From her farm near Outram, Anne-Marie Wells looks back on 10 years at the property.
As we come to the end of another spring, I have found myself thinking back to our first spring on this farm and how it compares 10 years on.
In August 2011, we were still getting used to the farm, it was snowing, and our new cowshed was not quite finished.
The old herringbone was functional if not frustrating – one set of pulsators kept failing and after a couple of weeks, the steps from the pit to the yard collapsed. It was quite demoralising milking in that shed when even from the pit, we could see the new 54-bale rotary so close to complete, but not quite ready.
Then we had a big dump of snow, and while that meant work on the new shed came to a halt, stopping on the farm wasn’t an option. A bit like August 2021, although this year it was lockdown, not snow, that forced things around us to stop while life on the farm carried on.
Normally during calving we feel we are missing out on all the off-farm fun, but that wasn’t the case this year. In fact, we were grateful to be kept busy and took a lot of comfort in the fact that as an essential business we all kept our jobs, houses, and income.

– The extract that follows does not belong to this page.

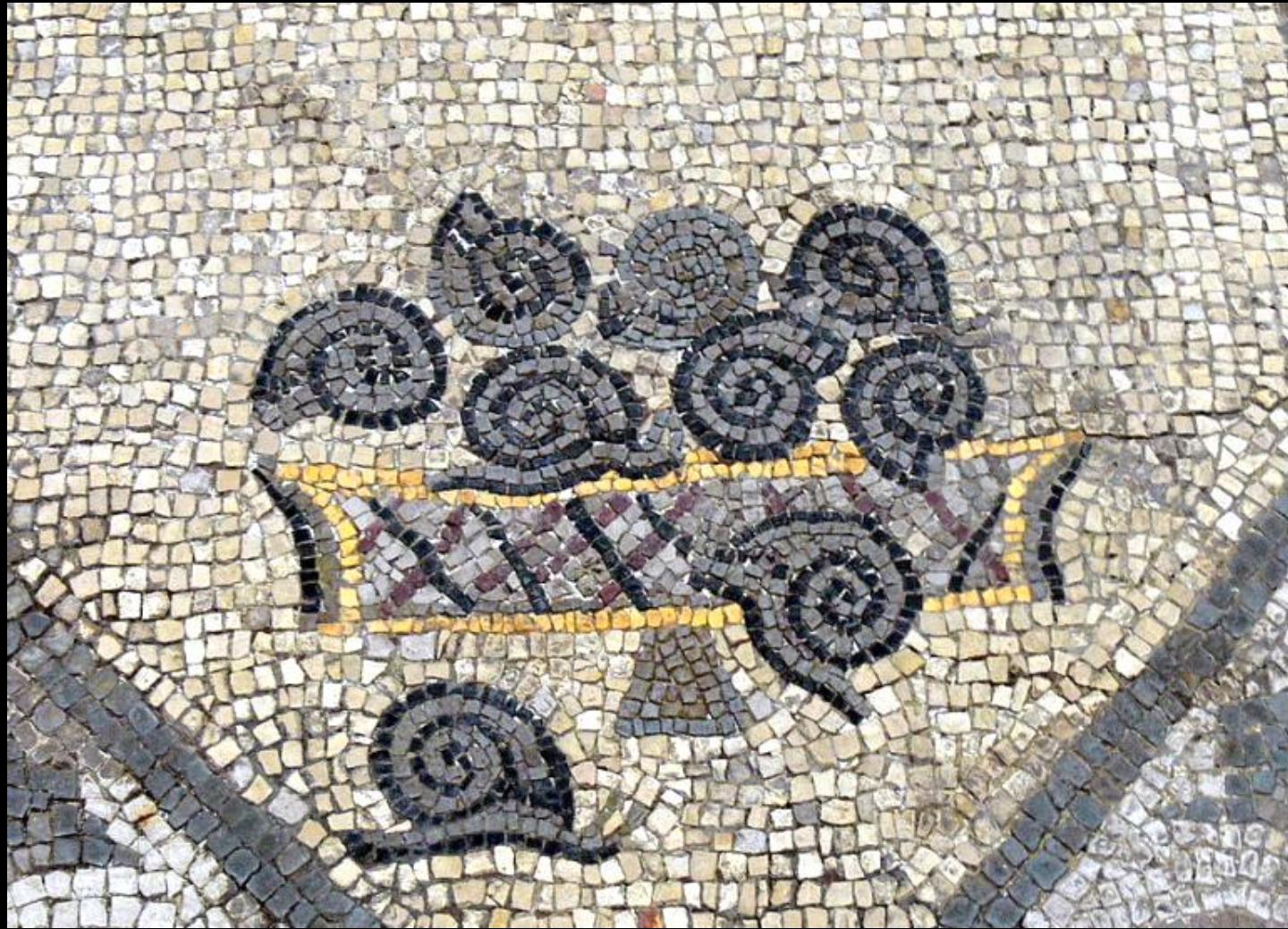
Snails -- Floor mosaic, Basilica of Aquileia, Aquileia, Udine, Italy

For us to be able to carry on through lockdown, we needed all the other businesses that keep us running to carry on as well. Our experience was as if there was no difference – the milk was collected, vets were available, supplies were delivered, bobbies got away and machinery was repaired. We are very grateful for the effort from these companies to make this the case.
Another advantage this August, was that the 2¼ children who were under 3 in 2011 are now three children over 9, who as it turns out, are quite good extra helpers on the farm when it’s a choice between home school or farming. I like to think we still covered a selection of subjects; PE, biology, maths …
Back in 2011, our extra helpers were the amazing friends who came each milking of the first week in the new shed to help push very reluctant cows on to the new rotary platform. I remember thinking the cows would never walk on by themselves and then one day, it happened. Now it is a distant memory that it was ever like that.
The end of each 2011 August day involved a late-night walk to match up cows and calves. After introducing whole-herd DNA testing a year after moving here, the end of an August day now comprises a Milo and an early night.
A lot of memories have been made over the last 10 years, and things which were a big deal at the time (like the shed not being finished, cows needing pushing into the shed or spending a fortune on whole-herd DNA testing) don’t seem to matter much now.
For those of you who have moved farms this season, I hope you have settled in well and that it isn’t long before you have forgotten any frustrations and are building good memories.